Şu kitab zayiatımdan lâakal şahsî iki bin lira zararım var. Çünkü, bunların hiç birisinin başka bir nüshasını bende bırakmadılar. Vaktiyle tab’ etmek için, yalnız İşârâtü’l-İ’caz tefsirine ikiyüz elli lira verdim. Arabî mecmûası üç yüz lira. Ve Yirmi Dokuzuncu Söz ve On Dokuzuncu Sözlerde o sırr-ı azîme hiçbir âlim ve hiçbir edib yoktur ki, “Bin lira kıymetindedir” demesin.
Ve bir de, on üç sene evvel hükümet Dârü’lHikmet’te yüz lira maaş alacak kadar iş görebilecek bir adam nazarıyla bana bakmış, ayda yüz lira maaş vermiş. Bu sekiz senede beni, yarım saat bir köy olan İlâma’ya iki def’adan fazla gitmeye müsaade edilmeyecek derecede ihtilat ve gezmekten men’edildiğim gibi, bir vâridatım, bir malım olmamakla beraber, o köyde benim gibi bir adam çalışacak iş bulamadığımdan ve kimsenin bir şeyini de kabul etmemek, bir meslek-i hayatım olduğundan, çektiğim perîşaniyet ve zarar ve ziyanın takdirini müddeiumûmîliğe havale ederek, ya kitablarımın hepsinin iadesini veyahut bu husustaki zarar ve ziyanımın müsebbiblerinden tazminini dava ediyorum.
Tetimme: Hükümetin kanunu, tarîkat dersi vermeğe ve nusha yazmağa ve nüfuz te’min etmeğe müsaade etmediği ve ben de bunlarla alâkadar olmadığım ve hükümet de yanıma gelen ziyaretçileri hoş görmediği için; ba’zı adam müteaddid def’a tarîkat ve nusha niyetiyle yanıma gelmek istedi. Ben de hükümetin kanununa riayet etmek ve hükümet me’murlarını sebebsiz kuşkulandırmamak için kabul etmeyip reddettim.
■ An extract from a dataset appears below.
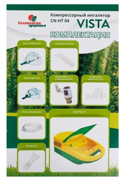 Ингалятор (небулайзер) CN-HT04 Виста, компрессорный, 2-12 мл, 60 дБ, жёлто-зелёный Технологии здор .

Mesmûatıma göre, bu halden muğber olanlar yalan ve asılsız bir sûrette isnâdatta bulunmuş. Böyle hükümetin kanununa riayeten reddettiğim kimseler yüzünden beni böyle sıkıştırmaktan, hilaf-ı kanun hareket etmediğim için böyle azab vermek, kanunu dinlememeye mecbûriyet vaziyetini veriyorlar ma’nası çıkıyor.
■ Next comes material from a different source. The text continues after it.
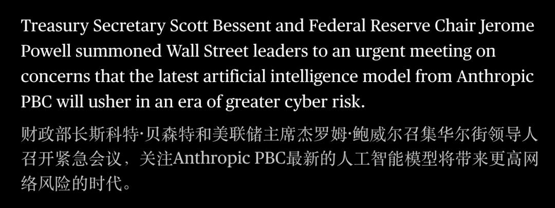 4 月上旬,美国财政部长 Scott Bessent 与美联储主席 Jerome Powell 已召集华尔街主要银行高管在华盛顿紧急开会,讨论 Mythos 以及类似模型可能带来的新型网络安全风险。

Dokuz senedir dünyevî hayatıma gelen her türlü işkencelere tahammül edip sabrettim, sükût ettim. Fakat dünyalarına karışmadığım halde, böyle hayat-ı uhreviyeme sû’-i kasd sûretindeki taarruz karşısında sabrım tükendi. Hakkımı aramak için ikame-i davaya mecbûr oldum.
Said Nursî
Nâşir
-----------------------
(Hâşiye): Cây-ı dikkattir ki, sekizdokuz seneden beri zulüm ve tazyikat altında gizlemeye mecbûr olduğum en eski ve en mahrem evrakları âni olarak taharri edip hiçbir şey bırakmayarak alındığı halde, mûcib-i telaş ve dâî-i endişe ve medâr-ı hicab ve hacâlet bir şey bulunmaması; garazkâr su’-i zanlı ehl-i dünyanın ona karşı ettikleri haksız tazyikat ve tarassud ne kadar çirkin ve hatâ olduğunu gösteriyor.
Acaba onu ittiham eden ve kendini vatana ve millete sâdık tevehhüm eden ehl-i dünyanın en büyük me’murundan en küçüğüne kadar, değil sekizdokuz sene, belki sekizdokuz ay zarfında en mahrem ve en gizli evrakı meydana meydana atılıp tedkik edilse, ona telâş verecek ve utandıracak sekizdokuz madde çıkmaz mı?